*** Opening of DATA RECORDS ***

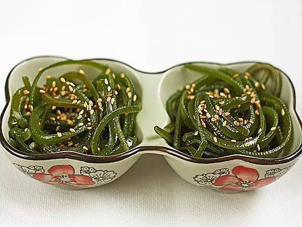 原理:芝麻能改善血液循环,促进新陈代谢,降低胆固醇。海带则含有丰富的碘和钙,能净化血液,促进甲状腺素的合成。同食则美容、抗衰老效果更佳。
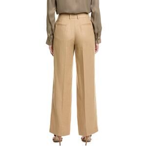 Lafayette 148 NY Sullivan Wide Leg Pant Tan Linen Size 10 Flat Front Dress Work
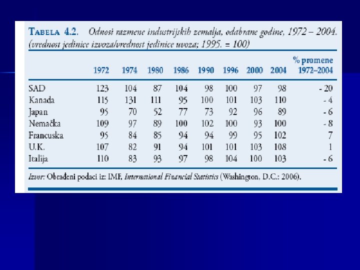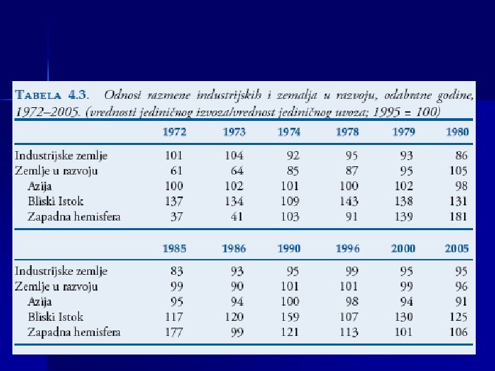 Podaci iz Tabele 4. 3 nam pokazuju da su se odnosi razmene industrijskih zemalja pogoršavali od 1972. do 1985
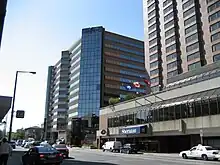 Modern day architectural developments on King Street include the following, Phase 1 of Lloyd D. Jackson Square (mall) was completed, including 100 King Street West (Stelco Tower) and 1 James Street North (Bank of Montreal Pavilion) in 1972.[11] Then in 1977, the second phase of Jackson Square was completed along with a 9 storey office building called the Robert Thomson Building, but not the department store intended to be its major attraction.[11] Also in 1977, The Art Gallery of Hamilton opened beside the Board of Education building.[12] In 1981, The Hamilton Convention Centre and the government office tower above it opened. The tower was named the Ellen Fairclough Building one year later in 1982.[13] In 1983, 120 King Street West (Standard Life Centre) opened at the west end of Jackson Square.[11] In 1985, Sheraton Hamilton, connected to Jackson Square, opened, boosting downtown Hamilton's hotel space.[11] In 1985, FirstOntario Centre (Formerly Copps Coliseum),a sports and entertainment arena with a capacity of up to 19,000 (depending on event type and configuration) opens its doors for business (one block North of King Street at Bay Street). It was named after the former Hamilton mayor, Victor K. Copps.[14] In 1987, the first of two reflective glass buildings of the CIBC tower (Commerce Place I) opened at King and James opposite Gore Park. The other (Commerce Place II) opened in 1990.[13]
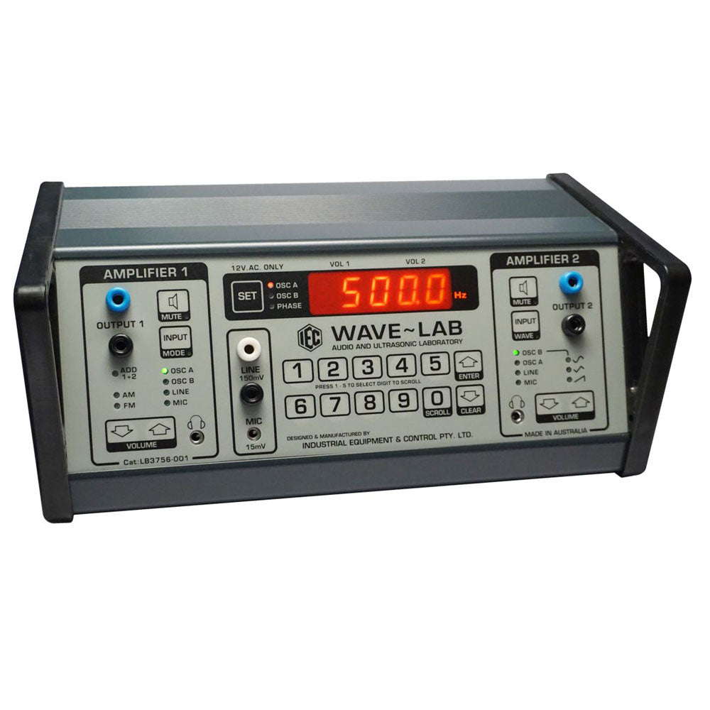 The IEC digital "Wave~Lab" is a special dual wave Signal Generator for the study of wave theory. This microprocessor generates 2x sets of very accurate and absolutely stable frequencies up to 40kHz that can be added to one another, exactly shifted in phase relative to one another or modulated by one another. Waveforms can be selected as sine, triangular or sawtooth and high power amplifiers permit the driving of large speakers or headphones for private listening. An oscilloscope can be used to view the waveforms and effects. Harmonics, beat frequencies and other phenomena can be studied. Output power is digitally controlled and a keyboard system allows any frequency to be entered. External signals can be applied and a microphone and headphones are included in the kit. A pair of suitable wide range speakers is available. Instruction Sheet
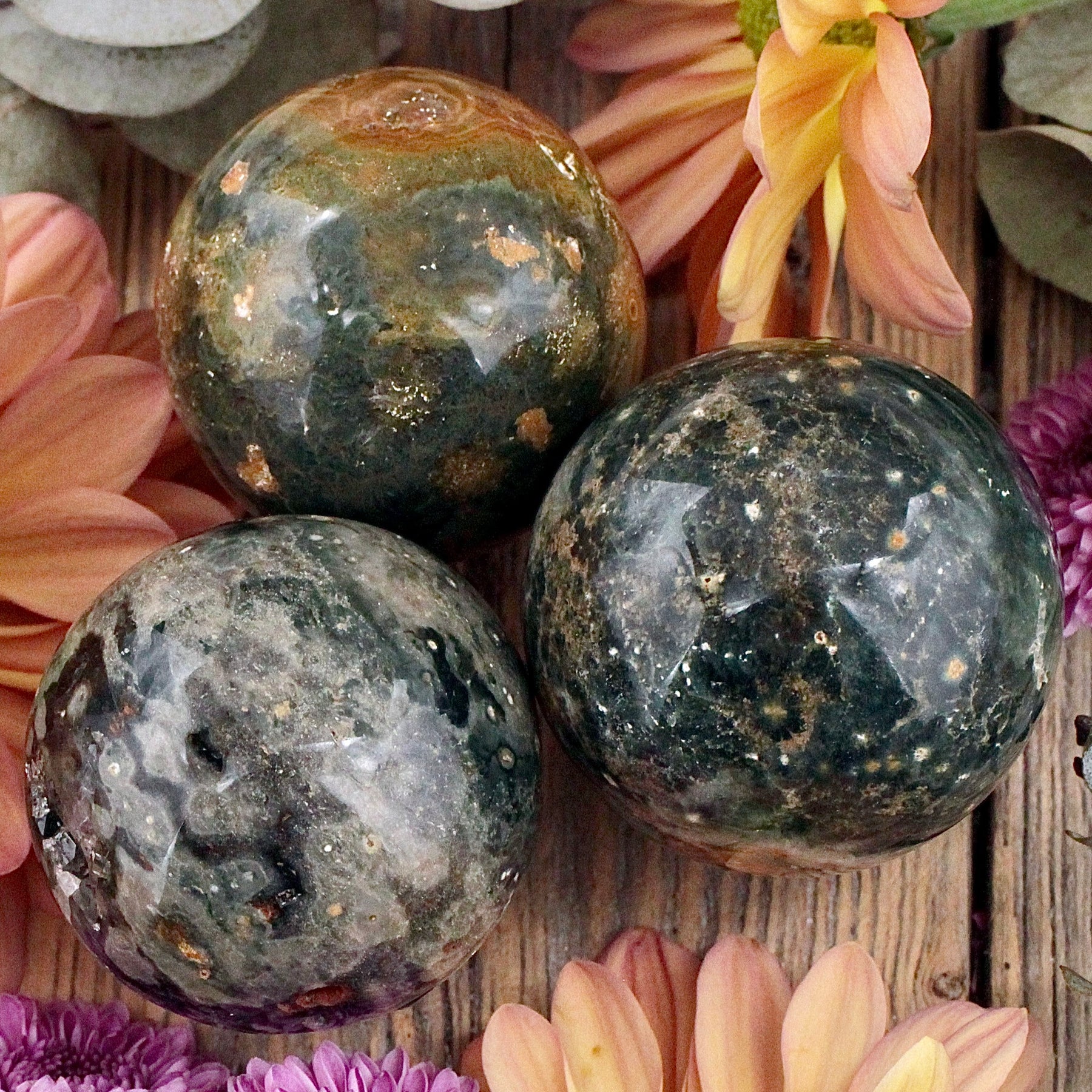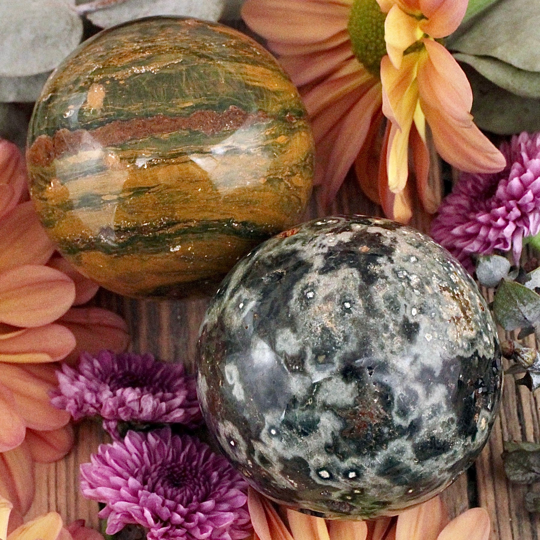 Photos are representative of the color and quality of the stones. Each sphere is naturally unique and sold separately. We work intuitively to select the one intended for you.
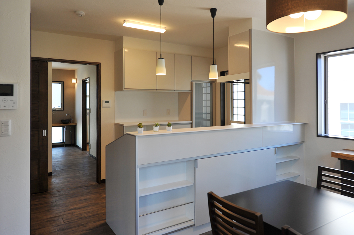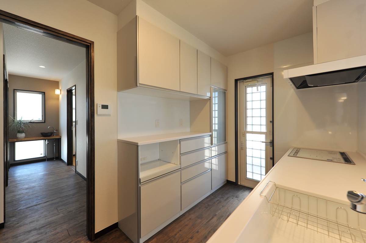キッチンの裏はサニタリー関係(トイレ、洗面脱衣、お風呂)がまとまっている使い勝手のよい動線。
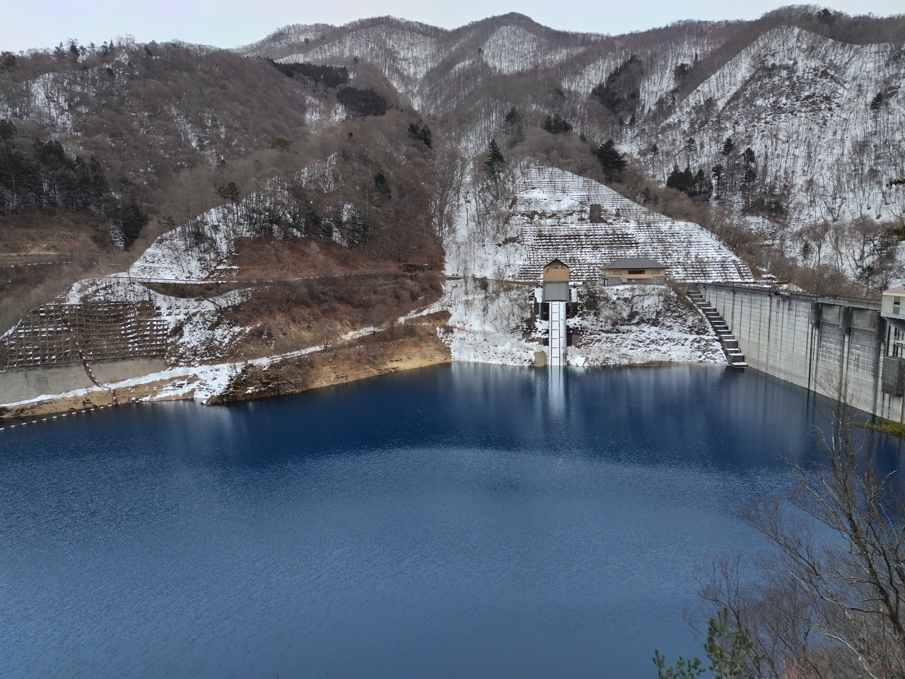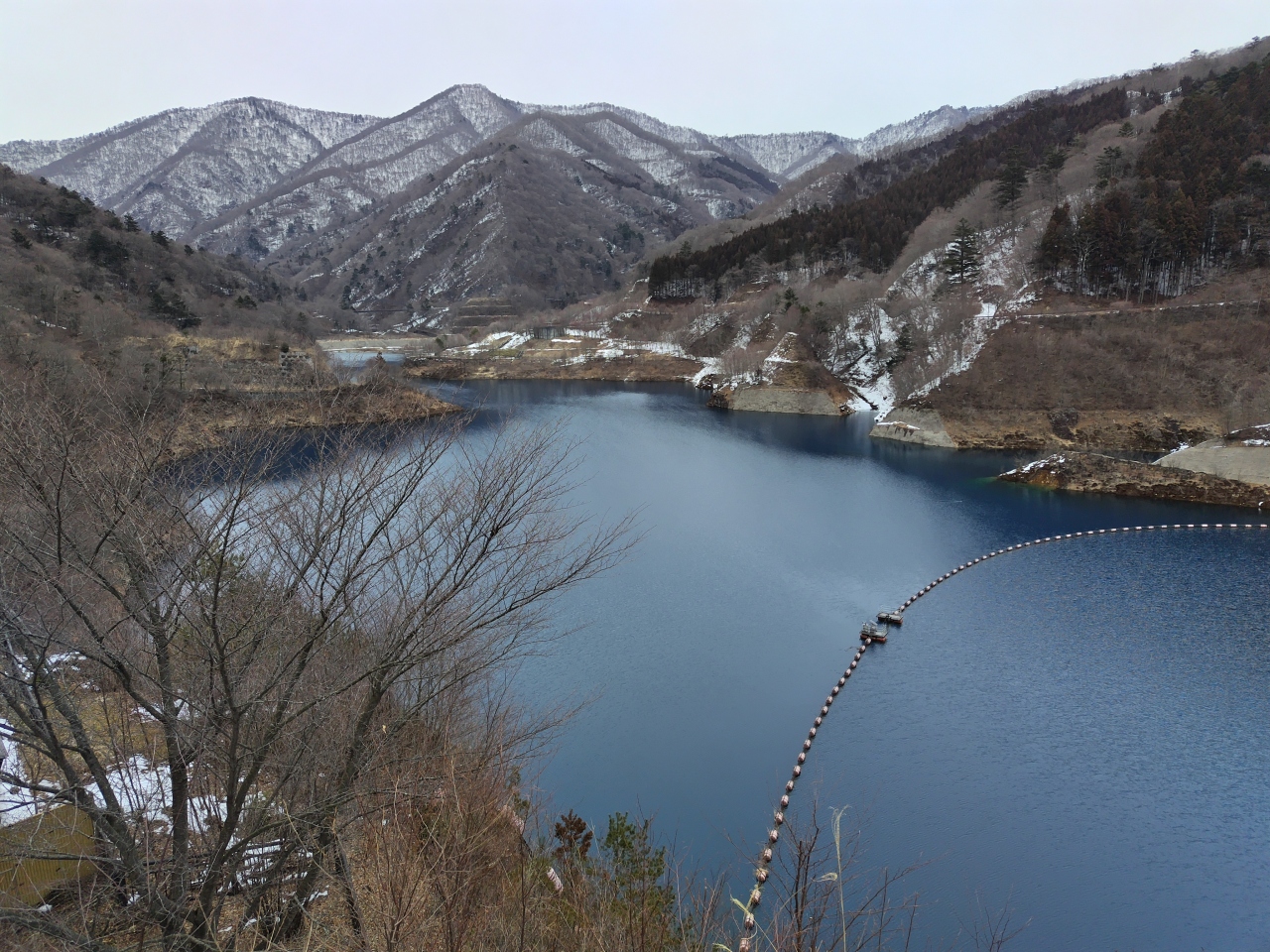 四万川ダムと奥四万湖の全体を見張らせて、素晴らしい眺めです。『四万ブルー』を求めてやってきた甲斐がありました。- 旅行時期

*** Close of DATA RECORDS ***

Everything in the material except the pictures should be output verbatim.

 原理:芝麻能改善血液循环,促进新陈代谢,降低胆固醇。海带则含有丰富的碘和钙,能净化血液,促进甲状腺素的合成。同食则美容、抗衰老效果更佳。
 Lafayette 148 NY Sullivan Wide Leg Pant Tan Linen Size 10 Flat Front Dress Work
 Podaci iz Tabele 4. 3 nam pokazuju da su se odnosi razmene industrijskih zemalja pogoršavali od 1972. do 1985
 Modern day architectural developments on King Street include the following, Phase 1 of Lloyd D. Jackson Square (mall) was completed, including 100 King Street West (Stelco Tower) and 1 James Street North (Bank of Montreal Pavilion) in 1972.[11] Then in 1977, the second phase of Jackson Square was completed along with a 9 storey office building called the Robert Thomson Building, but not the department store intended to be its major attraction.[11] Also in 1977, The Art Gallery of Hamilton opened beside the Board of Education building.[12] In 1981, The Hamilton Convention Centre and the government office tower above it opened. The tower was named the Ellen Fairclough Building one year later in 1982.[13] In 1983, 120 King Street West (Standard Life Centre) opened at the west end of Jackson Square.[11] In 1985, Sheraton Hamilton, connected to Jackson Square, opened, boosting downtown Hamilton's hotel space.[11] In 1985, FirstOntario Centre (Formerly Copps Coliseum),a sports and entertainment arena with a capacity of up to 19,000 (depending on event type and configuration) opens its doors for business (one block North of King Street at Bay Street). It was named after the former Hamilton mayor, Victor K. Copps.[14] In 1987, the first of two reflective glass buildings of the CIBC tower (Commerce Place I) opened at King and James opposite Gore Park. The other (Commerce Place II) opened in 1990.[13]
 The IEC digital "Wave~Lab" is a special dual wave Signal Generator for the study of wave theory. This microprocessor generates 2x sets of very accurate and absolutely stable frequencies up to 40kHz that can be added to one another, exactly shifted in phase relative to one another or modulated by one another. Waveforms can be selected as sine, triangular or sawtooth and high power amplifiers permit the driving of large speakers or headphones for private listening. An oscilloscope can be used to view the waveforms and effects. Harmonics, beat frequencies and other phenomena can be studied. Output power is digitally controlled and a keyboard system allows any frequency to be entered. External signals can be applied and a microphone and headphones are included in the kit. A pair of suitable wide range speakers is available. Instruction Sheet
 Photos are representative of the color and quality of the stones. Each sphere is naturally unique and sold separately. We work intuitively to select the one intended for you.
キッチンの裏はサニタリー関係(トイレ、洗面脱衣、お風呂)がまとまっている使い勝手のよい動線。
 四万川ダムと奥四万湖の全体を見張らせて、素晴らしい眺めです。『四万ブルー』を求めてやってきた甲斐がありました。- 旅行時期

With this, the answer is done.